▶ _TASK_
Print each entry precisely; exclude the pictures.

▶ _STORED DATA_
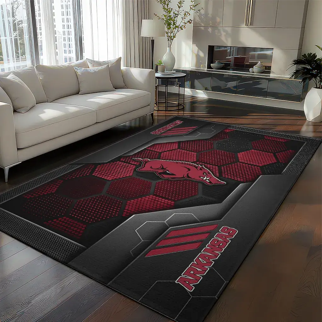 Arkansas Razorbacks Rug – Hexagonal Grid Pattern Red
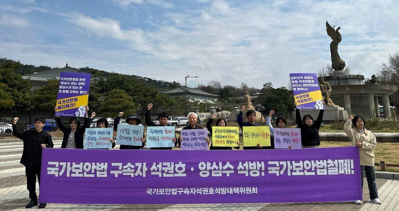Home 실천 연대투쟁 〈국가보안법구속자 석권호·양심수석방! 국가보안법 철폐!〉 석권호석방대책위 청와대앞 기자회견 연대
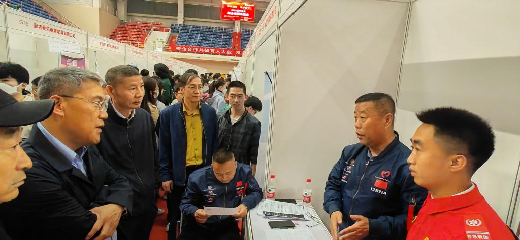 4月20日下午,由学校与三河市人社局和燕郊高新区人力资源管理局联合举办的“春风送岗·筑梦前行”2023届毕业生联合校园双选会在西院南校体育馆成功举办。本次双选会共邀请北京、天津、河北等10余个省(自治区、直辖市)的203家用人单位参加,涵盖了应急、地震、地质、建筑、煤炭、机电、计算机、金融、服务业等多个行业领域,累计提供招聘岗位4413个。近2500余名毕业生参加了校园双选会,学校相关部门负责人、各二级学院党政负责人、专业主任、学生辅导员到场与用人单位深入交流,了解、指导毕业生充分就业,部分年级的学生也到场观摩、体验双选会。
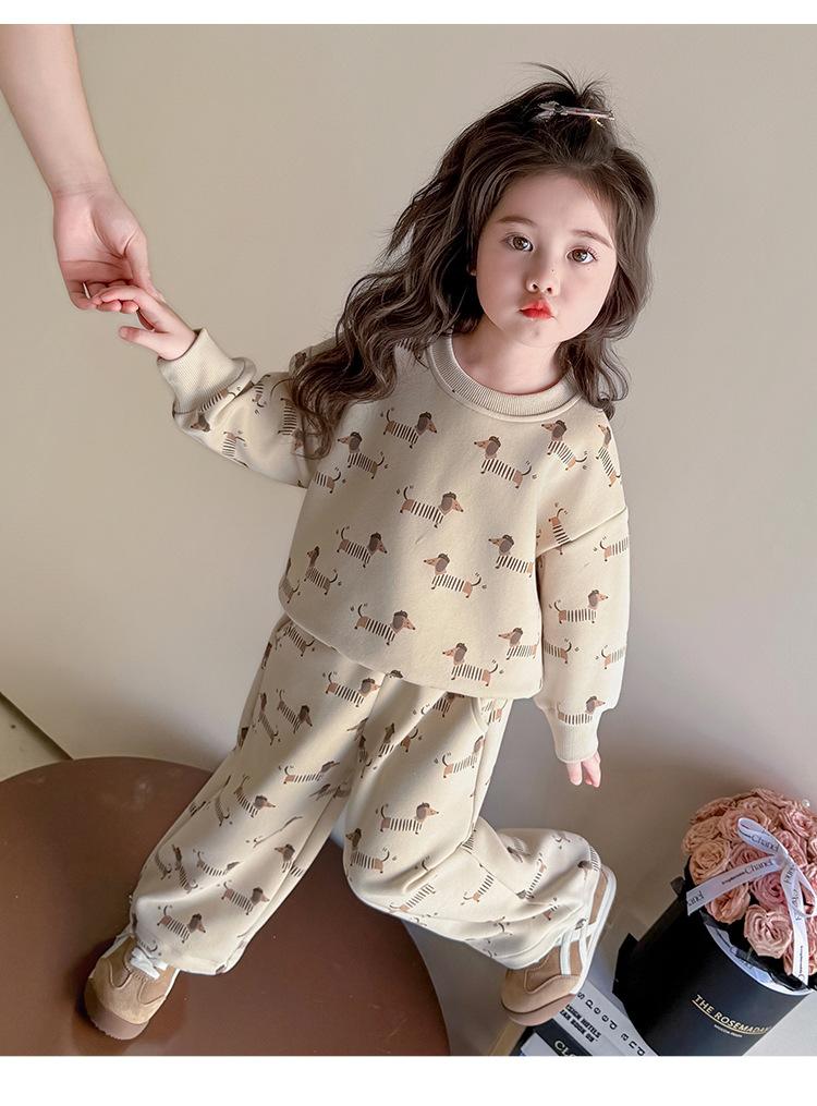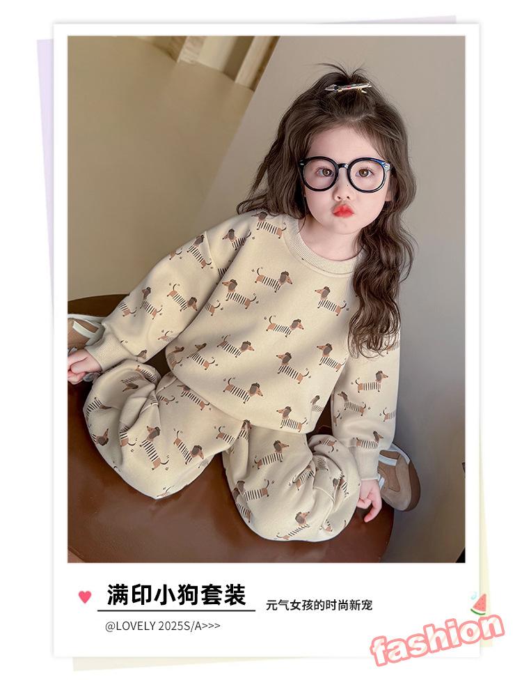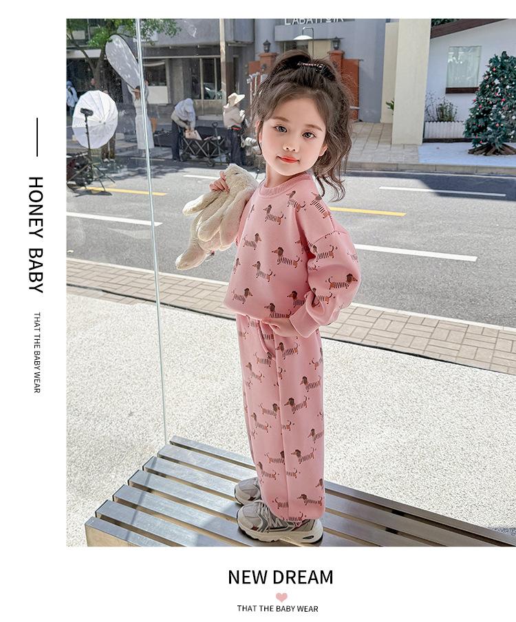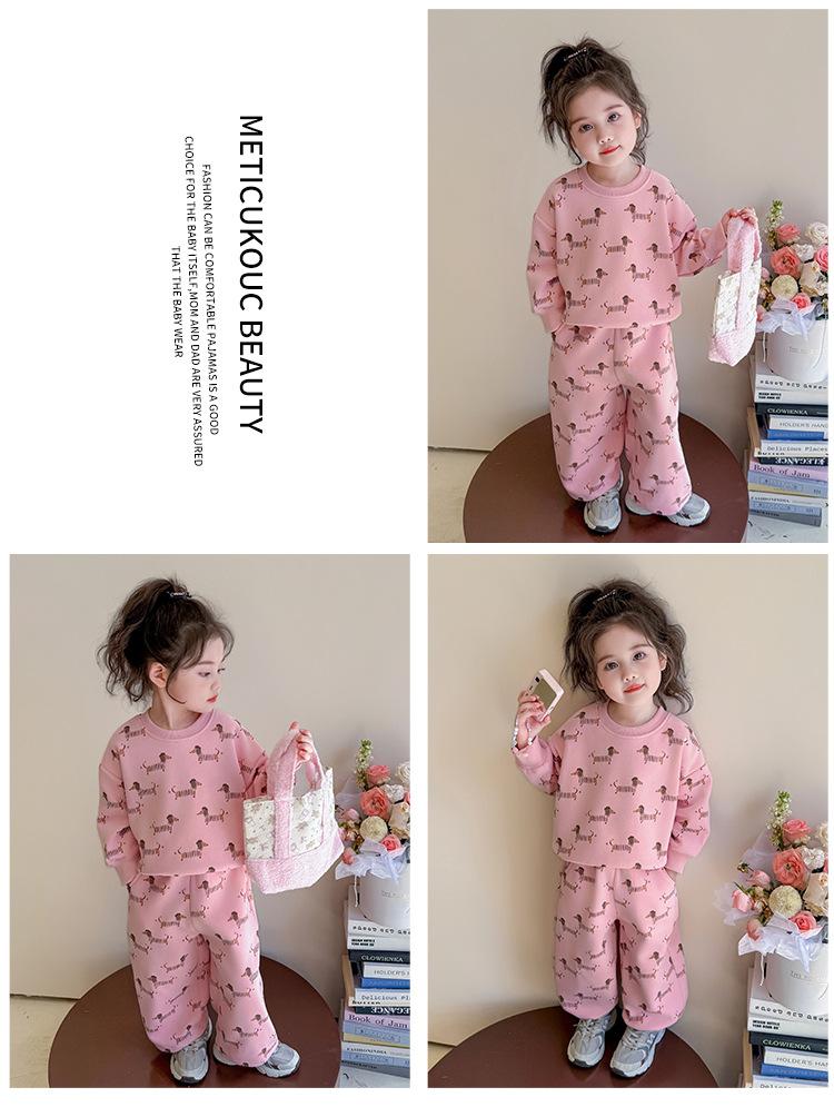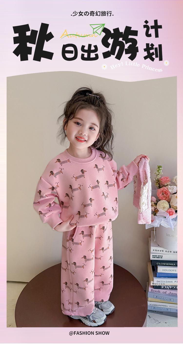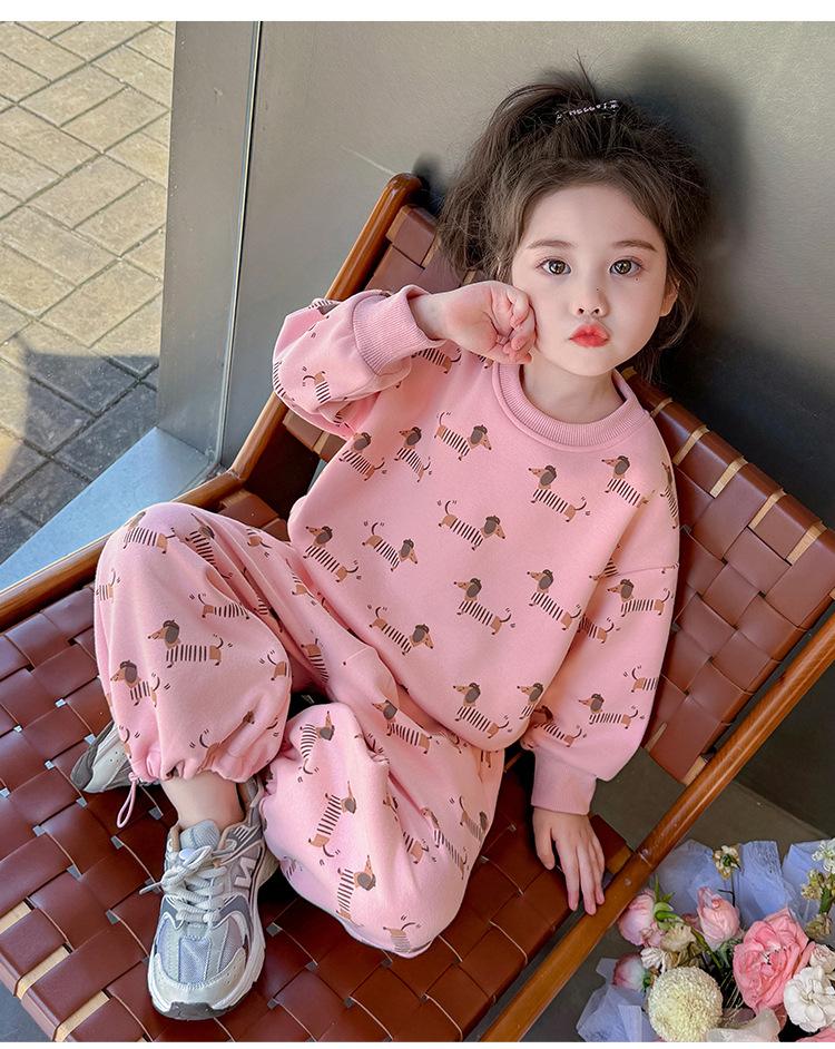 Conjunto para Niñas Otoño 2025 Nuevo Dibujo Animado Moderno Sudadera Pantalón Otoño Primavera Conjunto de Dos Piezas para Niños Trendy
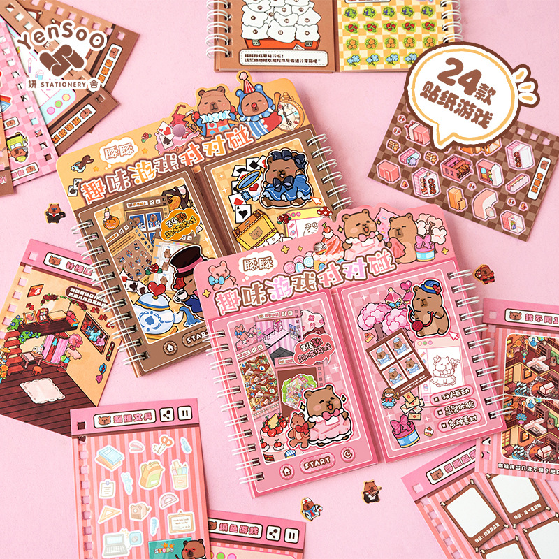卡皮巴拉微缩场景趣味游戏贴纸本高颜值立体造景小贴纸儿童益智本

▶ _EXPECTED OUTPUT_
 Arkansas Razorbacks Rug – Hexagonal Grid Pattern Red
Home 실천 연대투쟁 〈국가보안법구속자 석권호·양심수석방! 국가보안법 철폐!〉 석권호석방대책위 청와대앞 기자회견 연대
 4月20日下午,由学校与三河市人社局和燕郊高新区人力资源管理局联合举办的“春风送岗·筑梦前行”2023届毕业生联合校园双选会在西院南校体育馆成功举办。本次双选会共邀请北京、天津、河北等10余个省(自治区、直辖市)的203家用人单位参加,涵盖了应急、地震、地质、建筑、煤炭、机电、计算机、金融、服务业等多个行业领域,累计提供招聘岗位4413个。近2500余名毕业生参加了校园双选会,学校相关部门负责人、各二级学院党政负责人、专业主任、学生辅导员到场与用人单位深入交流,了解、指导毕业生充分就业,部分年级的学生也到场观摩、体验双选会。
 Conjunto para Niñas Otoño 2025 Nuevo Dibujo Animado Moderno Sudadera Pantalón Otoño Primavera Conjunto de Dos Piezas para Niños Trendy
卡皮巴拉微缩场景趣味游戏贴纸本高颜值立体造景小贴纸儿童益智本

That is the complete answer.